**What the task requires:** Pictures must not appear in the copy. Restate exactly the lines below from the one with "저 같은 경우 코레일" through the one with "This small vignette", inclusive.

**Exercise inputs:**

--- START ---

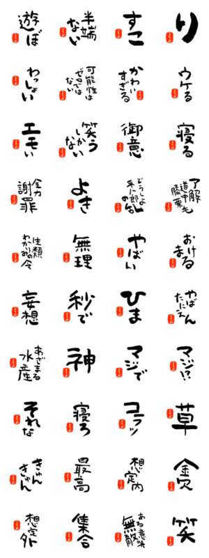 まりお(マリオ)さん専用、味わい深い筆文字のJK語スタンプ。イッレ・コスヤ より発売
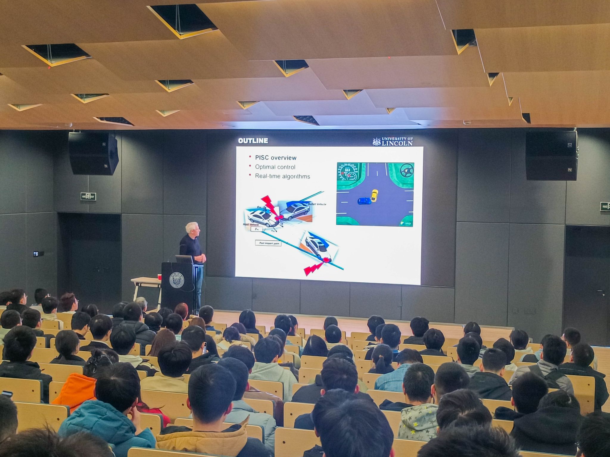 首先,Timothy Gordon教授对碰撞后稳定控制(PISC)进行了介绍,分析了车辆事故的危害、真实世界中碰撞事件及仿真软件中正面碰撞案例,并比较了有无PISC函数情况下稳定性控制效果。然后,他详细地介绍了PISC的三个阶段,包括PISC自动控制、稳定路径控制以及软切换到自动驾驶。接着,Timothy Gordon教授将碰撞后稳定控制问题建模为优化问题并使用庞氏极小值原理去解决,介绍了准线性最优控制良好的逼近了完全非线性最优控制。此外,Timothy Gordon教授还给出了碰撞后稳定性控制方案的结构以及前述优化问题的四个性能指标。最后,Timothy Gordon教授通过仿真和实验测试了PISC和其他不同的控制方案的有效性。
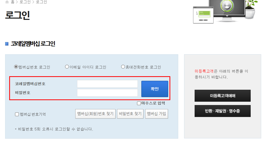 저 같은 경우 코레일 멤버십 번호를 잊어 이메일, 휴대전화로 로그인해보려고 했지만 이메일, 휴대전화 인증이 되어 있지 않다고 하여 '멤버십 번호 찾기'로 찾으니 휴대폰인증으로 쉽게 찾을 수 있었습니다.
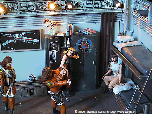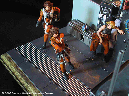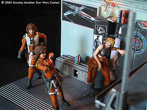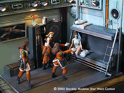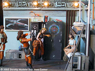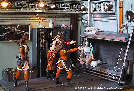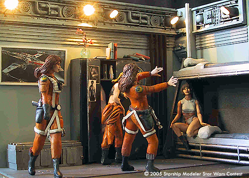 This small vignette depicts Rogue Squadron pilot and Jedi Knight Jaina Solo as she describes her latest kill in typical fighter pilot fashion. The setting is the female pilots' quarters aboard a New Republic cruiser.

--- END ---
--- START ---

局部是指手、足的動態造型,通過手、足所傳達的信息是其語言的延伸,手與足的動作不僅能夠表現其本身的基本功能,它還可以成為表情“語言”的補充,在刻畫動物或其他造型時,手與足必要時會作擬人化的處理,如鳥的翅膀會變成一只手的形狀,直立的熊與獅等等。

--- END ---

**Result of this task:**
 저 같은 경우 코레일 멤버십 번호를 잊어 이메일, 휴대전화로 로그인해보려고 했지만 이메일, 휴대전화 인증이 되어 있지 않다고 하여 '멤버십 번호 찾기'로 찾으니 휴대폰인증으로 쉽게 찾을 수 있었습니다.
 This small vignette depicts Rogue Squadron pilot and Jedi Knight Jaina Solo as she describes her latest kill in typical fighter pilot fashion. The setting is the female pilots' quarters aboard a New Republic cruiser.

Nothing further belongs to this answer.